(GIVEN INFORMATION)

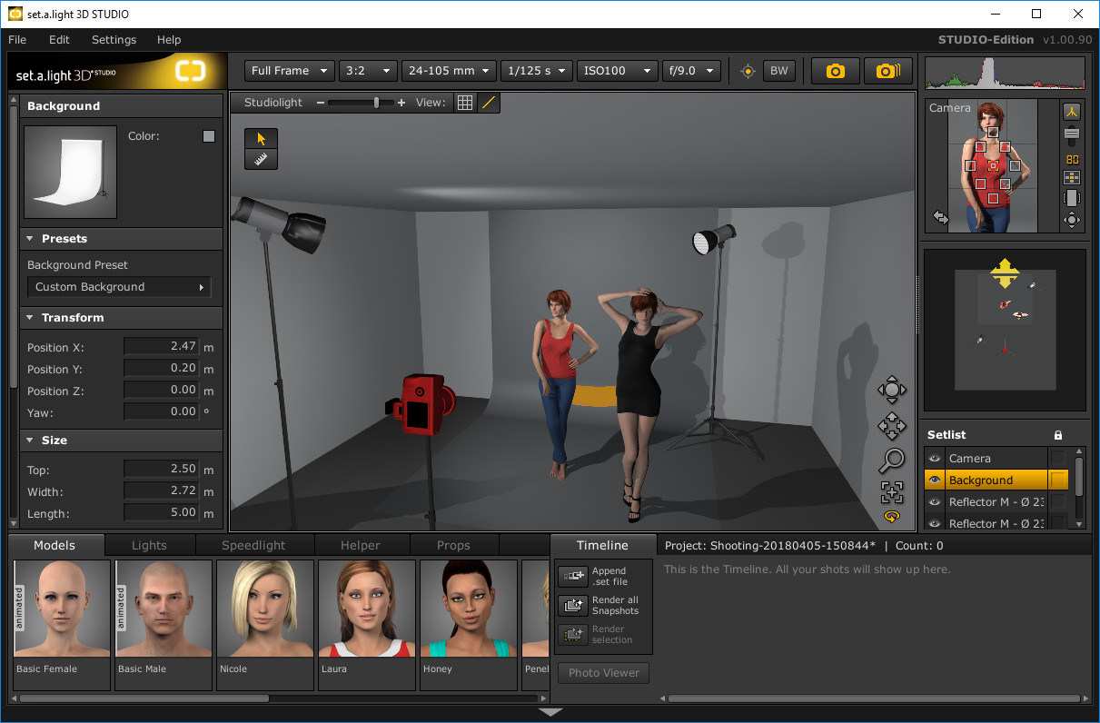 set.a.light 3D STUDIO Edition 2.00.15 — это передовое программное решение для моделирования виртуальной фотостудии с возможностью реалистичного проектирования освещения и пространства. Программа предоставляет профессионалам и начинающим фотографам инструменты для точного визуального планирования съёмочных процессов в трёхмерной среде. Благодаря детализированной настройке света, расположения оборудования и параметров помещения, пользователи могут заранее моделировать сцену и предугадывать результат фотографии.
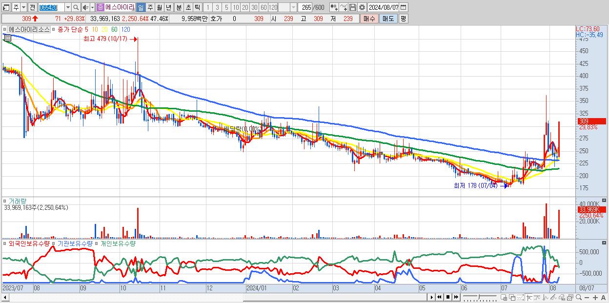 - 에스아이리소스 (309원 ▲ 29.83% , 시총: 221억, 거래량: 33,969,163, 거래대금:100억)
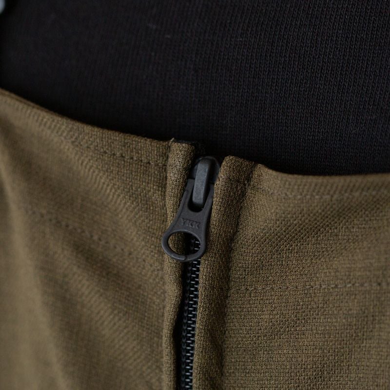 ウエスト部分はゴム仕様になっているので着心地楽チン。広がりすぎずストンとしたシルエットで着痩せ効果も◎。前はダブルジップ仕様で上下開け閉め可能、後ろスリット入りで足さばきもよくアクティブに動きやすいアイテムです。
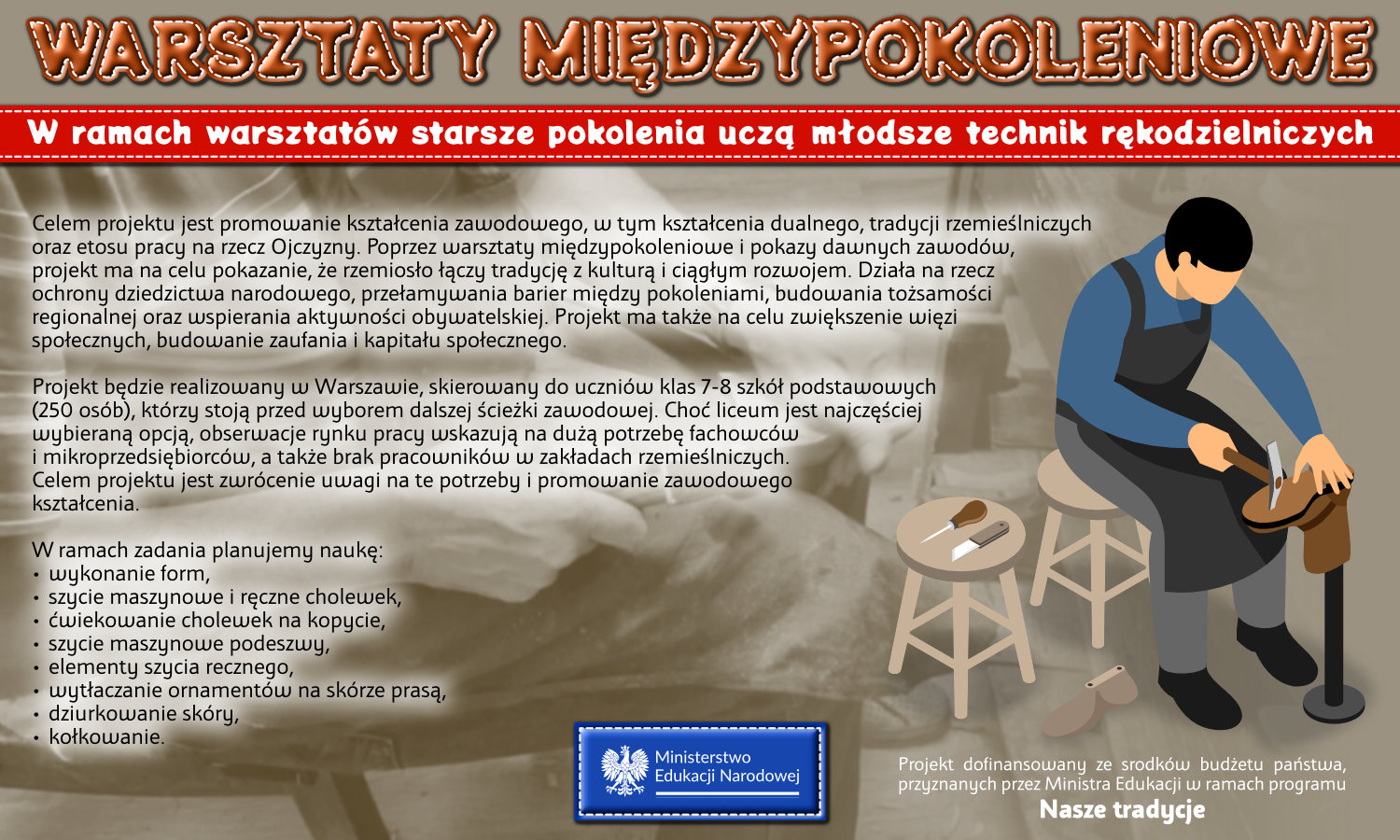 Warsztaty zorganizowane w Cechu Rzemiosł Skórzanych i sfinansowane ze środków Ministerstwa Edukacji Narodowej.
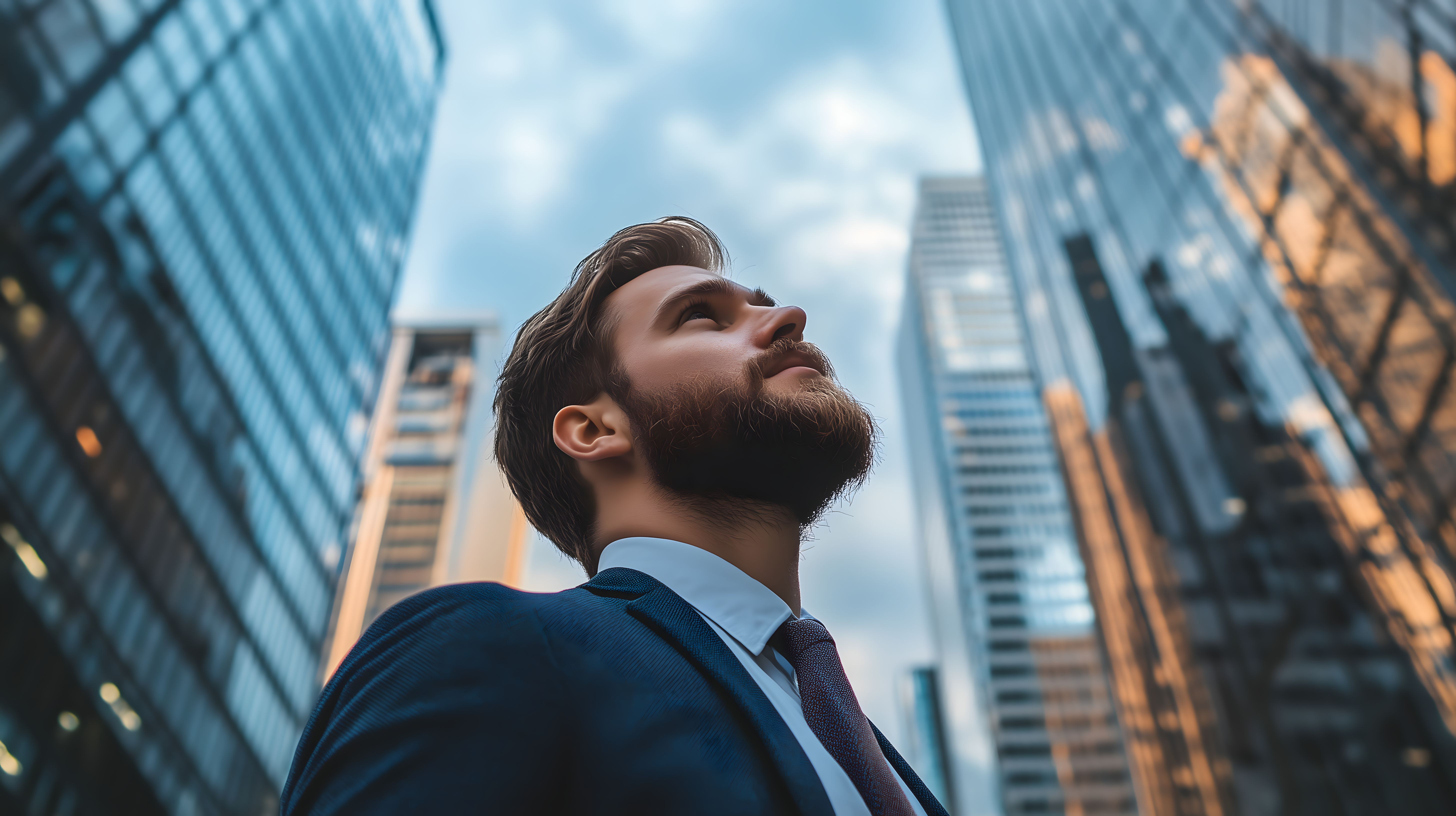 Das Bild zeigt einen nachdenklichen Geschäftsmann in einem Anzug, der zu den modernen Hochhäusern der Stadt emporblickt. Er scheint nach Inspiration und Erfolg zu suchen, angetrieben von der beeindruckenden Architektur und dem Ausblick auf die Skyline. Das Foto vermittelt ein Gefühl von Ehrgeiz, Entschlossenheit und Visionen für die Zukunft. Es eignet sich hervorragend als kostenloses Stockfoto in hoher Auflösung für Unternehmenspräsentationen, Webseiten, Blogbeiträge oder Social-Media-Posts zu Themen wie Führung, Karriere, Unternehmertum und Geschäftskonzepte. Die Aufnahme steht unter einer Creative-Commons-Lizenz zur Verfügung.
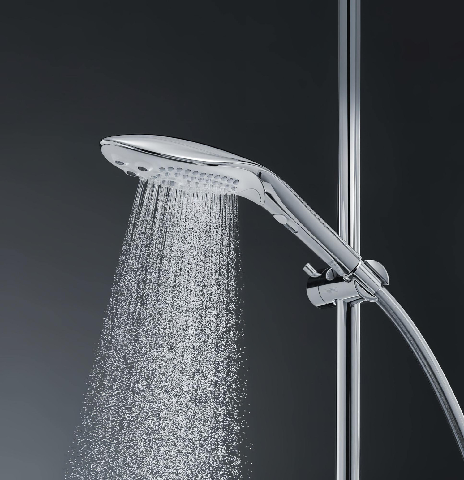 • Powder Rain: still inn en mild vannstråle ved hjelp av små dyser spredt over hele hodet og bruk som et vanlig dusjhode
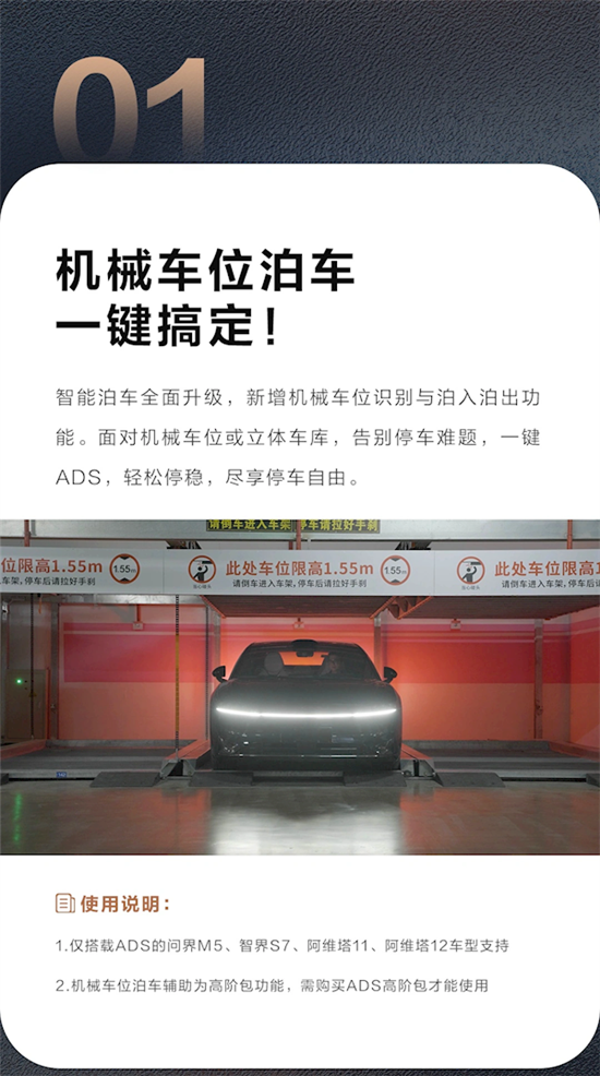 1、智能泊车升级:新增了对机械车位的识别与自动泊入泊出功能,使得在机械车位或立体车库中的停车变得更加简便。(这一功能仅适用于搭载ADS系统的问界M5、智界S7、阿维塔11和阿维塔12车型。)
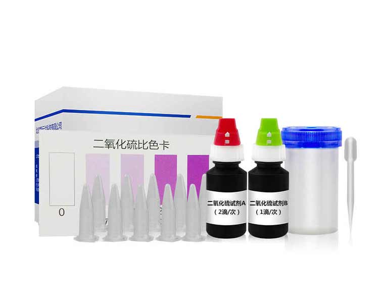 在1.5ml離心管中先滴加2滴檢測液A,1滴檢測液B,上下?lián)u動,混勻;然后加入1ml樣品液,立即蓋塞混勻。放置5分鐘觀察顏色變化,并與色卡對照,得出樣品中二氧化硫或亞硫酸鹽是否超標的信息。
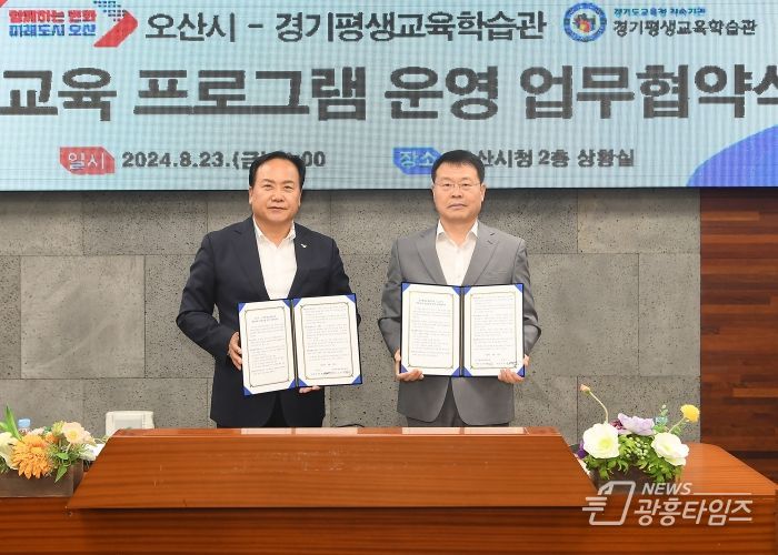 [광흥타임즈 = 조수제 기자] 오산시는 경기평생교육학습관과 23일 오산시청에서 이권재 오산시장, 조정수 경기평생교육학습관장 등이 참석해 업무협약을 체결해 평생교육 활성화에 협력하기로 했다.
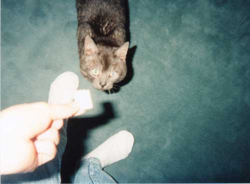 「ニャ〜ン?=^ω^=」 チャッピーは、お菓子をねだる時に 飛びきり可愛いお顔とお声で甘えます。 それにしても凄い変貌ぶりです ちょっと先程の顔と比較してみましょう ⇒ うわぁ‥全然違う!(笑) 次へ
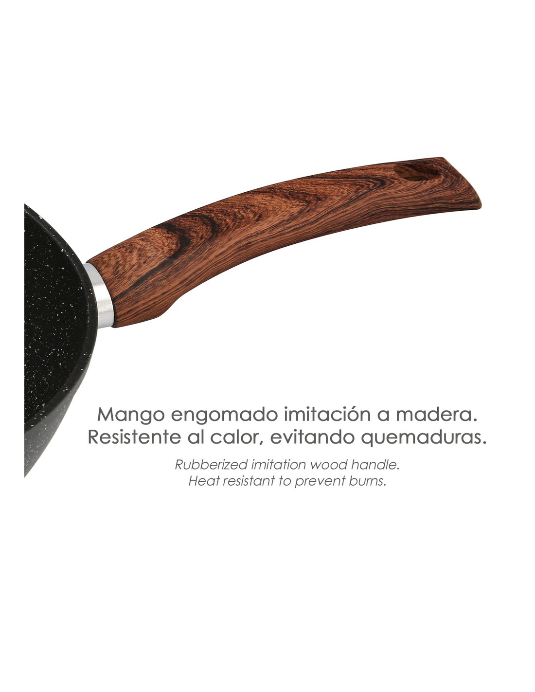 - Mango engomado imitación a madera. Resistente al calor. Se mantiene frío al tacto para evitar quemaduras.

(End GIVEN INFORMATION)

**YOUR GOAL:**
Starting from the line containing "1、智能泊车升级:新增了对机", repeat each line exactly through the end of the entries, including the last, while leaving pictures out.

**SOLUTION:**
 1、智能泊车升级:新增了对机械车位的识别与自动泊入泊出功能,使得在机械车位或立体车库中的停车变得更加简便。(这一功能仅适用于搭载ADS系统的问界M5、智界S7、阿维塔11和阿维塔12车型。)
 在1.5ml離心管中先滴加2滴檢測液A,1滴檢測液B,上下?lián)u動,混勻;然后加入1ml樣品液,立即蓋塞混勻。放置5分鐘觀察顏色變化,并與色卡對照,得出樣品中二氧化硫或亞硫酸鹽是否超標的信息。
 [광흥타임즈 = 조수제 기자] 오산시는 경기평생교육학습관과 23일 오산시청에서 이권재 오산시장, 조정수 경기평생교육학습관장 등이 참석해 업무협약을 체결해 평생교육 활성화에 협력하기로 했다.
 「ニャ〜ン?=^ω^=」 チャッピーは、お菓子をねだる時に 飛びきり可愛いお顔とお声で甘えます。 それにしても凄い変貌ぶりです ちょっと先程の顔と比較してみましょう ⇒ うわぁ‥全然違う!(笑) 次へ
 - Mango engomado imitación a madera. Resistente al calor. Se mantiene frío al tacto para evitar quemaduras.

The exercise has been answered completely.